Sijbrands E J, Lombardi M P, Westendorp R G, Leuven J A, Meinders A E, Van der Laarse A, Frants R R, Havekes L M, Smelt A H
Department of General Internal Medicine, Medical Faculty, Leiden, The Netherlands.
Atherosclerosis. 1998 Feb;136(2):247-54. doi: 10.1016/s0021-9150(97)00216-5.
In patients heterozygous for familial hypercholesterolemia, the low-density lipoprotein (LDL) cholesterol lowering effect of beta-hydroxy-beta-methylglutaryl coenzyme A reductase inhibitors may depend on the nature of the mutation in the LDL receptor gene. To test this hypothesis, we compared the response to simvastatin, 20 mg daily for 9 weeks, between heterozygous carriers of functionally different classes of mutations, i.e. mRNA negative or mRNA positive mutations. Out of 116 consecutive, unrelated patients with familial hypercholesterolemia, 27 patients were selected for molecular analyses: 14 patients with mRNA negative and 13 with mRNA positive mutations. Before simvastatin treatment, patients with mRNA negative mutations had higher levels of LDL cholesterol, lower levels of high-density lipoprotein (HDL) cholesterol and significantly more often tendon xanthomas, compared to patients with mRNA positive mutations. Simvastatin reduced the mean fasting LDL cholesterol levels to a similar percentage in the mRNA negative and mRNA positive patients (37, 36%, respectively, 95% CI of difference--8 to 5%, P = 0.2). This effect was similar to the 37% decrease observed in our total series of patients with familial hypercholesterolemia (n = 116). The increase in mean concentration of HDL cholesterol was greater in the mRNA negative group than in the mRNA positive group (16, 0%, respectively, 95%, CI of difference 8-25%, P = 0.002) independent of the response of total triglycerides to simvastatin. The percentage LDL cholesterol lowering response varied among multiple carriers of the same mutation, even in the case of mRNA negative mutations. We conclude that the percentage LDL lowering response to simvastatin treatment was similar in patients with mRNA negative and mRNA positive mutations. Moreover, variation of this response within multiple carriers of the same mutation suggests an influence of additional factors.

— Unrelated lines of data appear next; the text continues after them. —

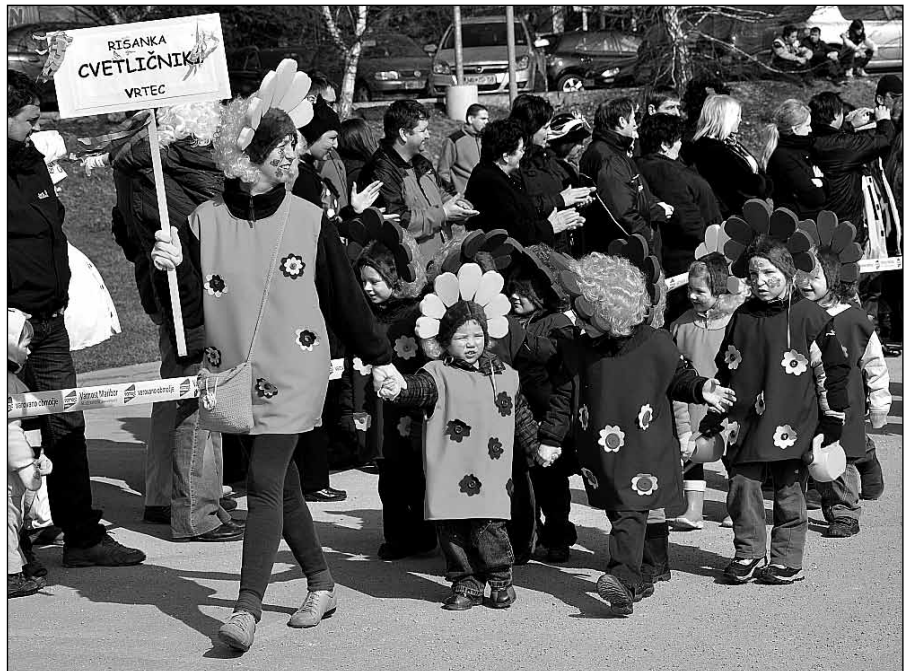
Najlepši in najbolj pristrčni – malčki iz Vrtca Majšperk (1. mesto)

Tudi letos smo izbrali temo, na katero smo ustvarjali pustne maske. Izbrali
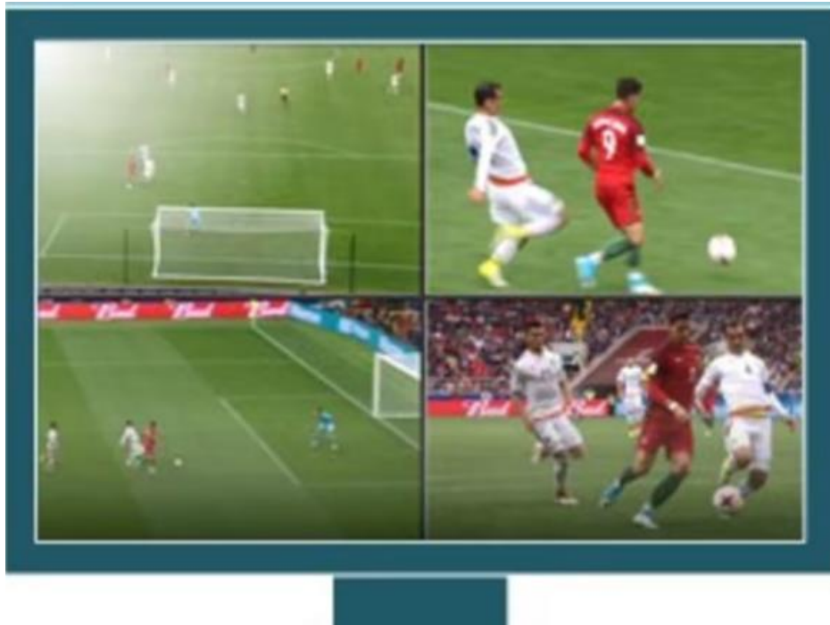
Slika 1. Četverostruki zaslon
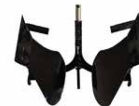
ARADO DOBLE 180°
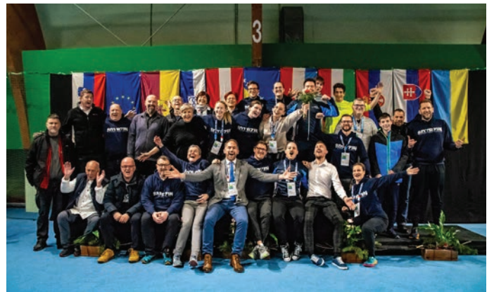
Mednarodno strelsko tekmovanje z zračnim orožjem je uspešno izvedlo Strelsko društvo Trzin.

Foto: MPP in arhiv Strelskega društva Trzin

在家族性高胆固醇血症杂合子患者中,β-羟基-β-甲基戊二酰辅酶A还原酶抑制剂降低低密度脂蛋白(LDL)胆固醇的效果可能取决于LDL受体基因突变的性质。为了验证这一假设,我们比较了功能不同类型突变(即mRNA阴性或mRNA阳性突变)的杂合子携带者对辛伐他汀(每日20mg,共9周)的反应。在116例连续的、无亲缘关系的家族性高胆固醇血症患者中,选择27例患者进行分子分析:14例mRNA阴性突变患者和13例mRNA阳性突变患者。与mRNA阳性突变患者相比,mRNA阴性突变患者在辛伐他汀治疗前LDL胆固醇水平更高,高密度脂蛋白(HDL)胆固醇水平更低,且肌腱黄色瘤更为常见。辛伐他汀使mRNA阴性和mRNA阳性患者的平均空腹LDL胆固醇水平降低至相似的百分比(分别为37%、36%,差异的95%CI为-8%至5%,P = 0.2)。这一效果与我们家族性高胆固醇血症患者总系列(n = 116)中观察到的37%的降低相似。HDL胆固醇平均浓度的增加在mRNA阴性组大于mRNA阳性组(分别为16%、0%,差异的95%CI为8% - 25%,P = 0.002),与总甘油三酯对辛伐他汀的反应无关。即使在mRNA阴性突变的情况下,同一突变的多个携带者之间LDL胆固醇降低反应的百分比也有所不同。我们得出结论,mRNA阴性和mRNA阳性突变患者对辛伐他汀治疗的LDL降低反应百分比相似。此外,同一突变的多个携带者中这种反应的变化表明存在其他因素的影响。